* _DATA_
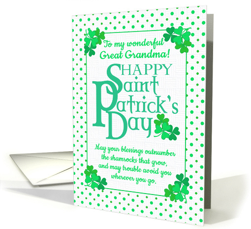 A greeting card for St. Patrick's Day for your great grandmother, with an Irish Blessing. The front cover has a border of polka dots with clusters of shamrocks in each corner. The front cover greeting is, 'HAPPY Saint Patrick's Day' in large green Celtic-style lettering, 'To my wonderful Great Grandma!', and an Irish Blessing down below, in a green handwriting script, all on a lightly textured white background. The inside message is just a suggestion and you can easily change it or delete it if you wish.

--

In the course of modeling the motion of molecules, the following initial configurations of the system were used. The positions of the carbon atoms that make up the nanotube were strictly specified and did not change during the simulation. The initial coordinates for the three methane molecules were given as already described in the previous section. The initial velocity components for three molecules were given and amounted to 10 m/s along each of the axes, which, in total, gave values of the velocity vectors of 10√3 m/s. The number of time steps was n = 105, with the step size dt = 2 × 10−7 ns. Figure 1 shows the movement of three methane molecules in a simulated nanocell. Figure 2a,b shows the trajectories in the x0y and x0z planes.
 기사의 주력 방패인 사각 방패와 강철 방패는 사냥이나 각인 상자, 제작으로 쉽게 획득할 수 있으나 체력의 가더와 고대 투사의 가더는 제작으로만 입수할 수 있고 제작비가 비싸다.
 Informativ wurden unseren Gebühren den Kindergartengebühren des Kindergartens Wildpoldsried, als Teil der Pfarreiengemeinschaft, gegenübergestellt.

* _TASK BRIEF_
Begin at the line above that has "In the course" and stop after the line that has "Informativ wurden unseren", copying each line exactly and adding nothing else.

* _WRITTEN ANSWER_
In the course of modeling the motion of molecules, the following initial configurations of the system were used. The positions of the carbon atoms that make up the nanotube were strictly specified and did not change during the simulation. The initial coordinates for the three methane molecules were given as already described in the previous section. The initial velocity components for three molecules were given and amounted to 10 m/s along each of the axes, which, in total, gave values of the velocity vectors of 10√3 m/s. The number of time steps was n = 105, with the step size dt = 2 × 10−7 ns. Figure 1 shows the movement of three methane molecules in a simulated nanocell. Figure 2a,b shows the trajectories in the x0y and x0z planes.
 기사의 주력 방패인 사각 방패와 강철 방패는 사냥이나 각인 상자, 제작으로 쉽게 획득할 수 있으나 체력의 가더와 고대 투사의 가더는 제작으로만 입수할 수 있고 제작비가 비싸다.
 Informativ wurden unseren Gebühren den Kindergartengebühren des Kindergartens Wildpoldsried, als Teil der Pfarreiengemeinschaft, gegenübergestellt.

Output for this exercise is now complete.